All of the data below should come back exactly as written, minus its images.

RECORDED INFORMATION —
* * *
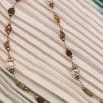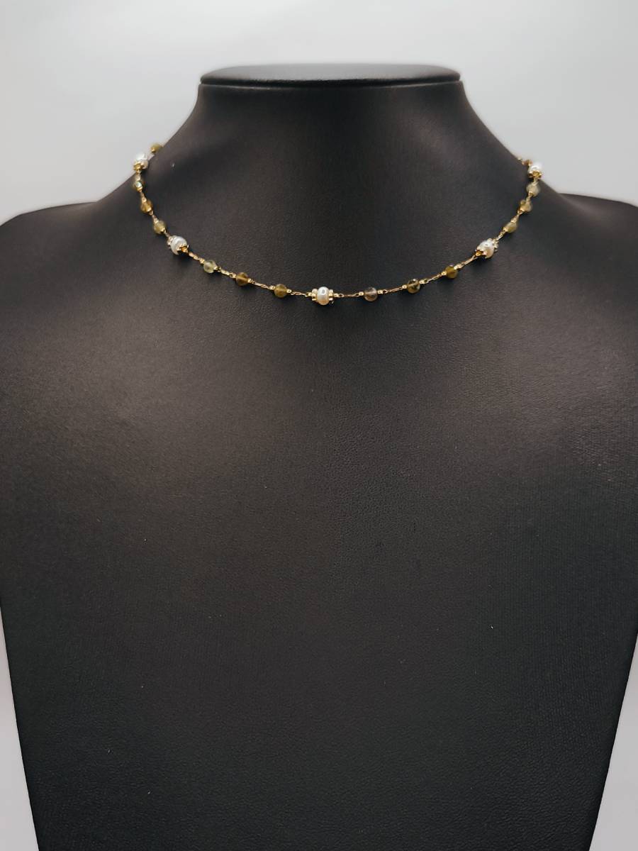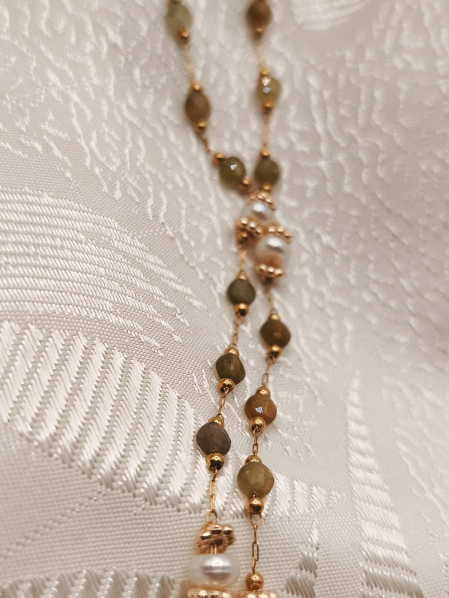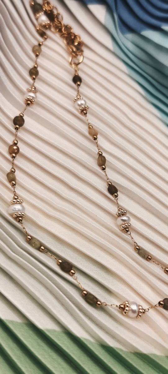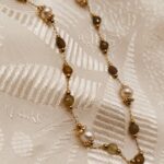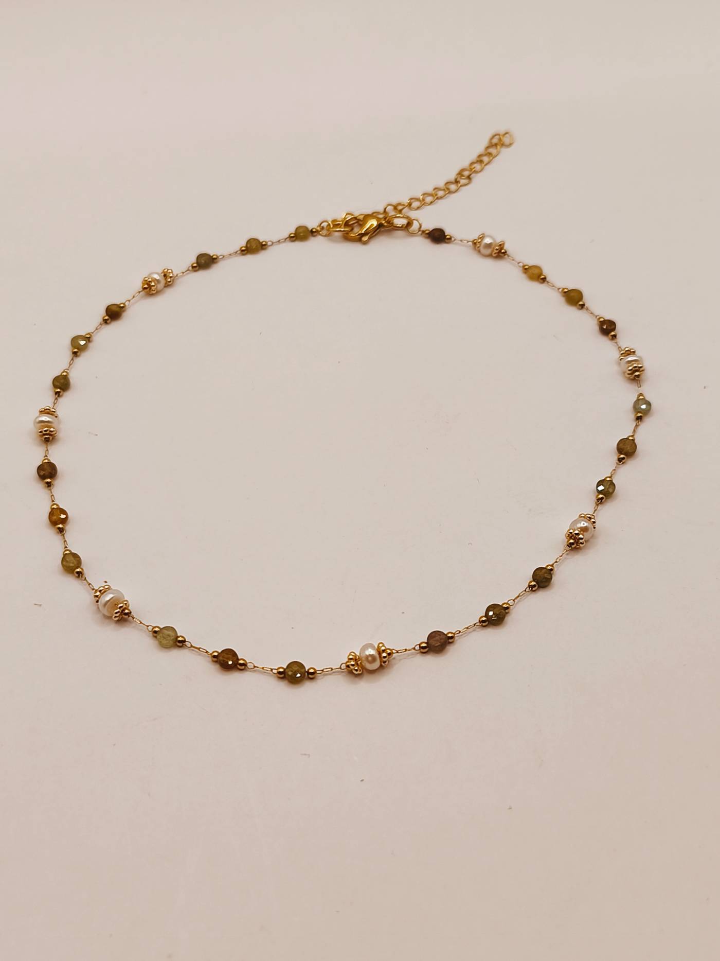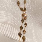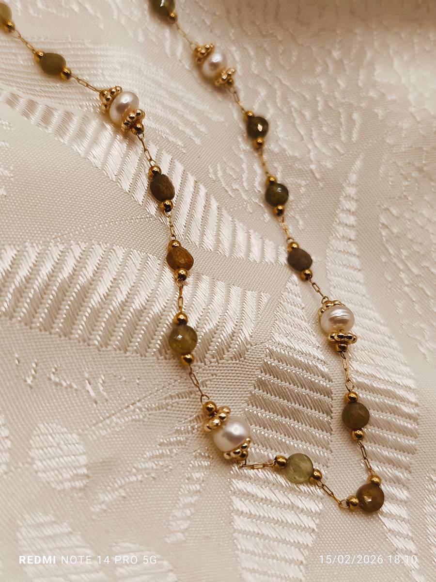 Rosary necklace featuring green garnet semi-precious stones and genuine cultured pearls. A delicate and fresh piece of jewelry that blends nature’s vibrancy with the classic charm of pearls. Its dainty design makes it perfect for layering or as a beautiful first piece of jewelry for our little princesses. Discover the rest of the Amavero Green Garnet collection and create your own unique combinations!
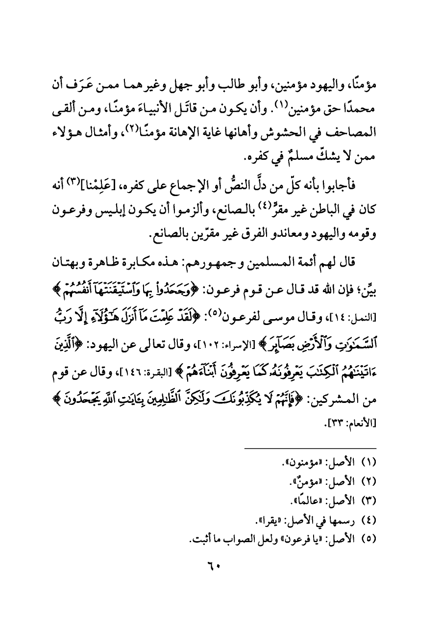 مؤمنًا، واليهود مؤمنين، وأبو طالب وأبو جهل وغيرهما ممن عَرَف أن محمدًا حق مؤمنين (¬١). وأن يكون من قاتَل الأنبياءَ مؤمنًا، ومن ألقى المصاحف في الحشوش وأهانها غاية الإهانة مؤمنًا (¬٢)، وأمثال هؤلاء ممن لا يشكّ مسلمٌ في كفره.
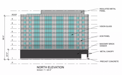 Below: Park Place West shown in two dimensions from the north (the Oakwood Historic Neighborhood side).
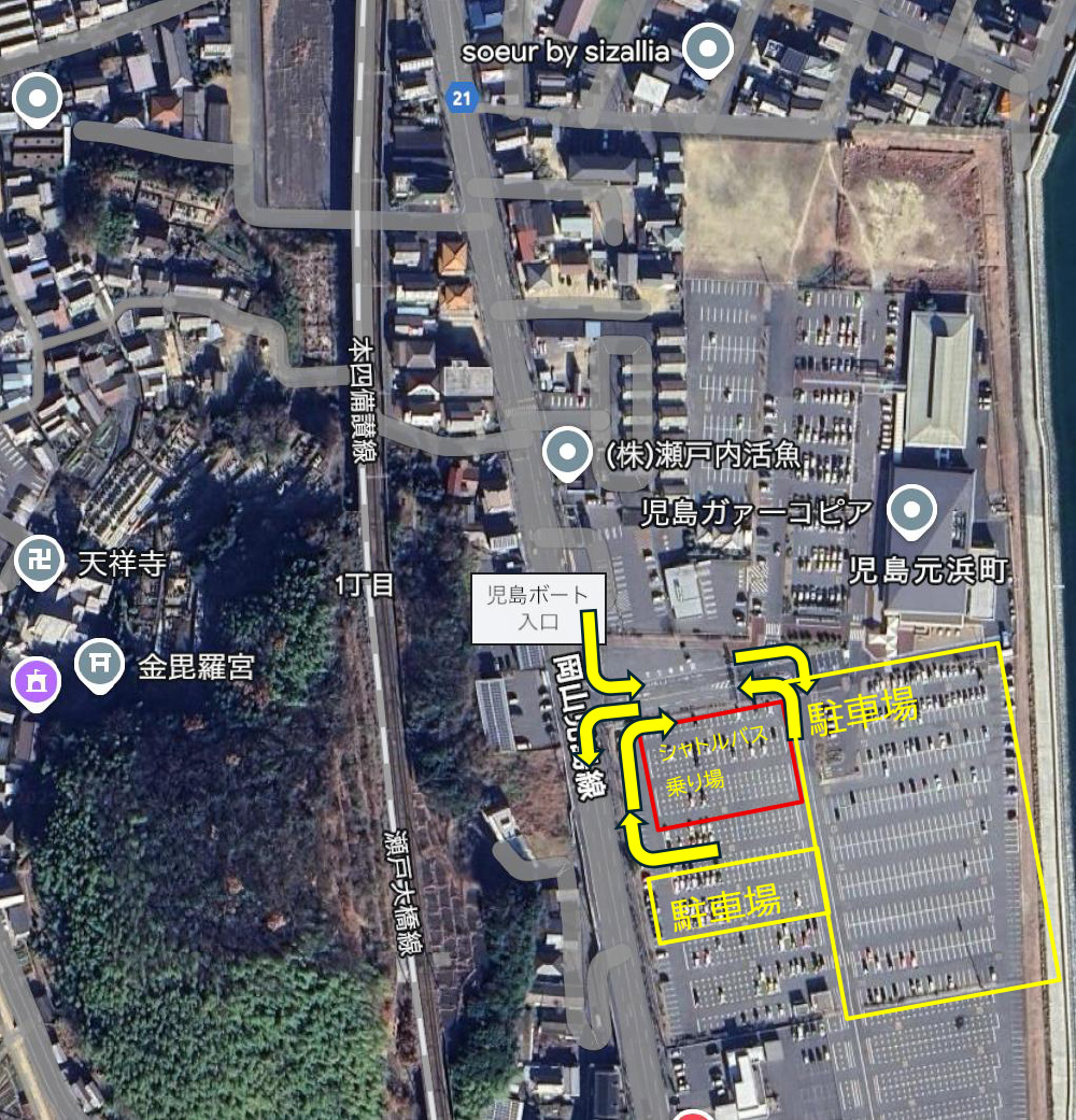 児島駅(のりば①)→ボートレース児島(臨時駐車場)→イベント会場(鷲羽山第2展望台)
* * *
RESULT OF THE TASK —
 Rosary necklace featuring green garnet semi-precious stones and genuine cultured pearls. A delicate and fresh piece of jewelry that blends nature’s vibrancy with the classic charm of pearls. Its dainty design makes it perfect for layering or as a beautiful first piece of jewelry for our little princesses. Discover the rest of the Amavero Green Garnet collection and create your own unique combinations!
 مؤمنًا، واليهود مؤمنين، وأبو طالب وأبو جهل وغيرهما ممن عَرَف أن محمدًا حق مؤمنين (¬١). وأن يكون من قاتَل الأنبياءَ مؤمنًا، ومن ألقى المصاحف في الحشوش وأهانها غاية الإهانة مؤمنًا (¬٢)، وأمثال هؤلاء ممن لا يشكّ مسلمٌ في كفره.
 Below: Park Place West shown in two dimensions from the north (the Oakwood Historic Neighborhood side).
 児島駅(のりば①)→ボートレース児島(臨時駐車場)→イベント会場(鷲羽山第2展望台)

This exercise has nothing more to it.